■ **STORED DATA**
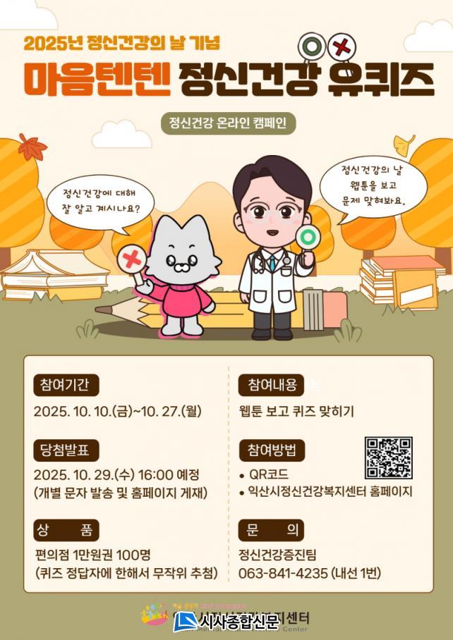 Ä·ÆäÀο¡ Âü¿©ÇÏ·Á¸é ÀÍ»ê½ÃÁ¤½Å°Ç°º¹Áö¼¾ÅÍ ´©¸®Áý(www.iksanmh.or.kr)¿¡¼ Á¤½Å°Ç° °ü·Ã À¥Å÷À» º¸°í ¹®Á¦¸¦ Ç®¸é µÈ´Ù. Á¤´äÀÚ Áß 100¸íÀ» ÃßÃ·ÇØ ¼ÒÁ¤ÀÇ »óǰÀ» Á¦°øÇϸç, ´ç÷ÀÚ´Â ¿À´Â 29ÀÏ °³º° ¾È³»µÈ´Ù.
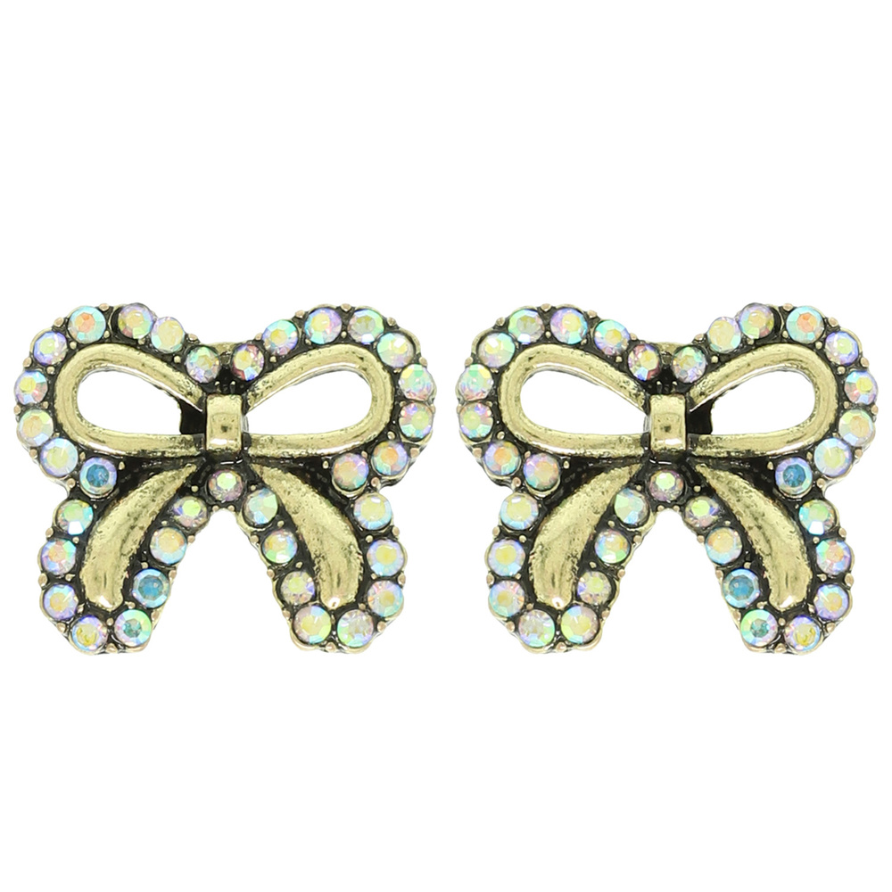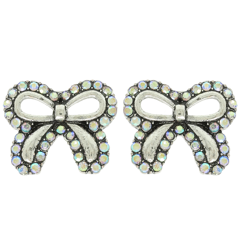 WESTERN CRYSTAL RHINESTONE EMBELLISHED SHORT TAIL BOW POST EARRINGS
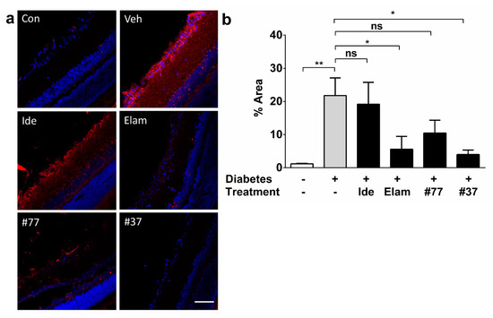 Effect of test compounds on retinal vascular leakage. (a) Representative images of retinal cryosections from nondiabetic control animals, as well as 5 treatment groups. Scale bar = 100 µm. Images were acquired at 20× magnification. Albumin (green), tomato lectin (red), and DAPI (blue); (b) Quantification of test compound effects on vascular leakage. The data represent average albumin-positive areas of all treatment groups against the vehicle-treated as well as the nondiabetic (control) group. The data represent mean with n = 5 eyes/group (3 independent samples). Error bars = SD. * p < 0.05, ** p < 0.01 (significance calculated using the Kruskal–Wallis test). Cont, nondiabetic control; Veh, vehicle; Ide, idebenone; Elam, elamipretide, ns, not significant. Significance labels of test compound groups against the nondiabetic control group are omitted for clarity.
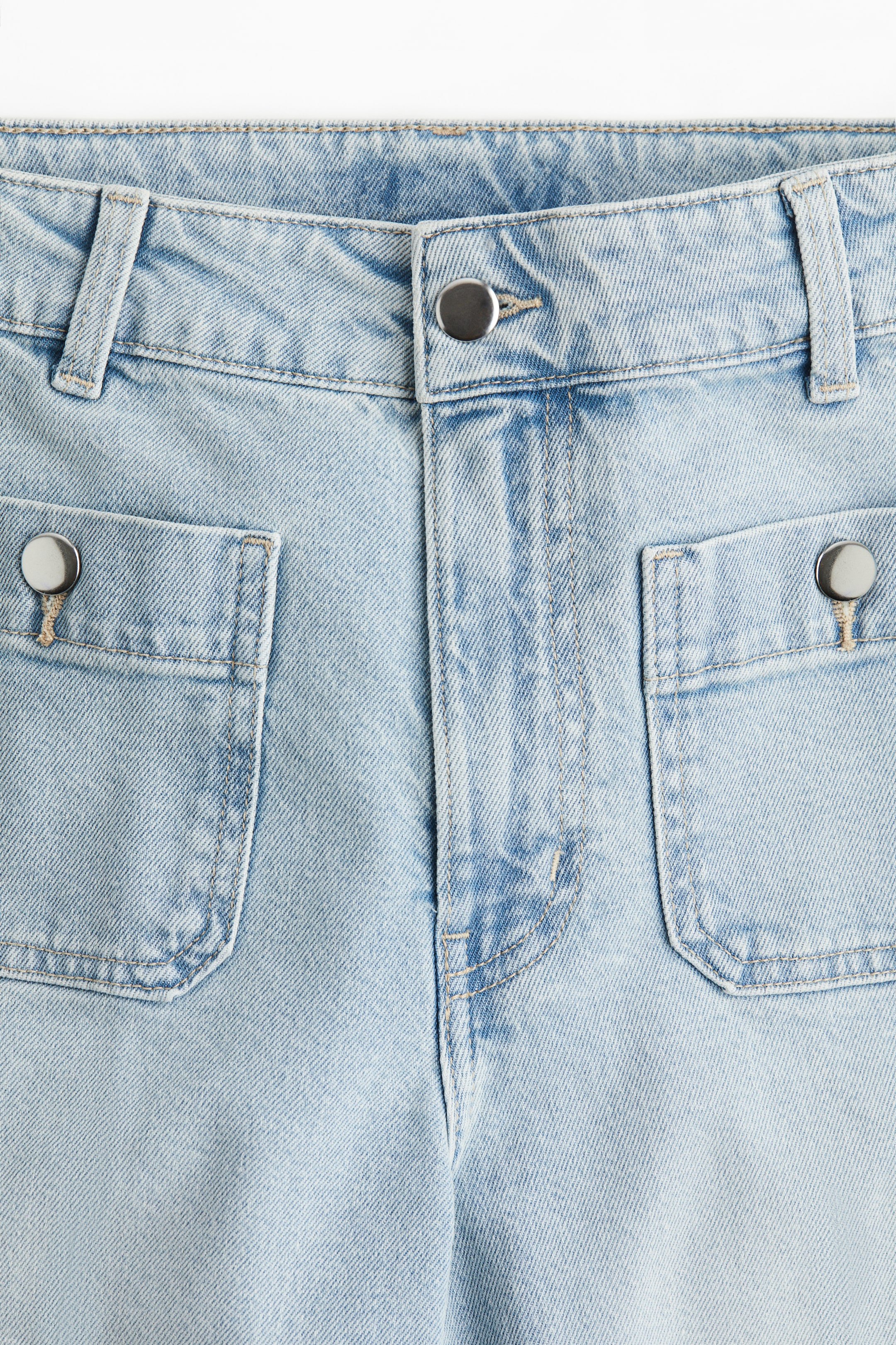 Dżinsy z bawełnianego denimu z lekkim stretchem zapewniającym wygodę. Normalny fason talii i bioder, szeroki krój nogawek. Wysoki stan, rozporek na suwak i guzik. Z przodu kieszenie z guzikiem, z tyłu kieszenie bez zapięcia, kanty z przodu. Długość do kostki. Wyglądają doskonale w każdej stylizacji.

■ **INSTRUCTIONS FOR THE TASK**
Give back, exactly as written, the lines from the top of the material through the line with "WESTERN CRYSTAL RHINESTONE", ends included and pictures left aside.

■ **FINAL ANSWER**
 Ä·ÆäÀο¡ Âü¿©ÇÏ·Á¸é ÀÍ»ê½ÃÁ¤½Å°Ç°º¹Áö¼¾ÅÍ ´©¸®Áý(www.iksanmh.or.kr)¿¡¼ Á¤½Å°Ç° °ü·Ã À¥Å÷À» º¸°í ¹®Á¦¸¦ Ç®¸é µÈ´Ù. Á¤´äÀÚ Áß 100¸íÀ» ÃßÃ·ÇØ ¼ÒÁ¤ÀÇ »óǰÀ» Á¦°øÇϸç, ´ç÷ÀÚ´Â ¿À´Â 29ÀÏ °³º° ¾È³»µÈ´Ù.
 WESTERN CRYSTAL RHINESTONE EMBELLISHED SHORT TAIL BOW POST EARRINGS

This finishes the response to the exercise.